Her career took a new turn in 1849 when she moved to Rennes, the capital city of the region.

==Arrest==
In 1850, Jégado joined the household staff of Théophile Bidard, a law professor at the University of Rennes. One of his servants, Rose Tessier, fell ill and died when Jégado tended to her. In 1851, one of the other maids, Rosalie Sarrazin, fell ill as well and died. Two doctors had tried to save Sarrazin and because the symptoms were similar to those of Tessier, they convinced the relatives to permit an autopsy. Jégado aroused suspicion when she announced her innocence before she was even asked anything, and she was arrested on 1 July 1851.

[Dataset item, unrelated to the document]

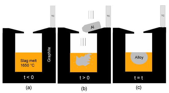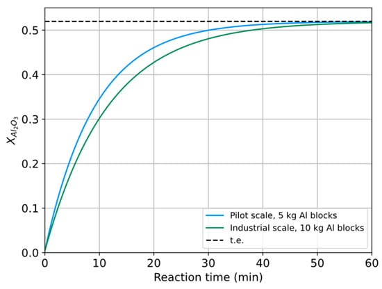 8] fall within the same range as the calculations. The discrepancy between the model’s predictions and experimental results is partly attributed to the kinetic equation’s omission of continuous Al addition. The kinetic equation reflects a global reaction rate, and without accounting for the ongoing addition of Al. The reaction times for pilot and industrial were calculated as 58 min and 73 min for 100% completion and 28 min and 35 min for 95% completion, respectively. The results should be interpreted as indicating the lower bound of the reaction rate. Since the reaction in the slag phase is mass-transfer controlled, vigorous stirring should enhance the rate of mass transfer. Under constant stoichiometry and stirring, these reaction times depend solely on the initial Al surface area. While a larger surface area of inserted Al reduces reaction time, in practice, the energy from the dropped Al can catalyze interfacial phenomena and induce convection, which can influence reaction time. Furthermore, the exothermic nature of the overall reaction may depend on the mass and surface area of the inserted Al metal, as these factors could accelerate the initial reaction rate by locally increasing the temperature at the reaction interface. These effects should be considered in more detail when scaling up.
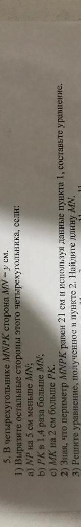 2) Зная, что периметр MNPK равен 21 см и используя данные пункта 1, составьте уравнение.

Later inquiries linked her to 23 suspected deaths by poisoning between 1833 and 1841, but none of these were thoroughly investigated since they were outside the ten-year limit for prosecution and there was no scientific evidence. Local folklore has attributed to her many unexplained deaths, some of which were almost certainly due to natural causes. The most reliable estimate is that she probably committed about 36 murders.

==Trial==
Jégado's trial began on 6 December 1851, but, due to French laws of permissible evidence and statute of limitations, she was accused only of three murders, three attempted murders and 11 thefts. At least one later case appears to have been dropped since it involved a child and police were reluctant to upset the parents by an exhumation. Jégado's behaviour in court was erratic, changing from humble mutterings to loud pious shouting and occasional violent outbursts against her accusers. She consistently denied she even knew what arsenic was, despite evidence to the contrary. Doctors who had examined her victims had not usually noticed anything suspicious, but when the most recent victims were exhumed, they showed overwhelming evidence of arsenic and possibly antimony.

Faustino Malaguti, a chemistry professor from the University of Rennes, was called as an expert at the trial.

The defence lawyer, Magloire Dorange, made a remarkable closing speech, arguing that she needed more time than most to repent and could be spared the death penalty since she was dying of cancer anyway.

The case attracted little attention at the time, pushed off the front pages by the coup d'état in Paris.

Jégado was sentenced to death by guillotine and executed in front of a large crowd of onlookers on the Champ-de-Mars in Rennes on 26 February 1852.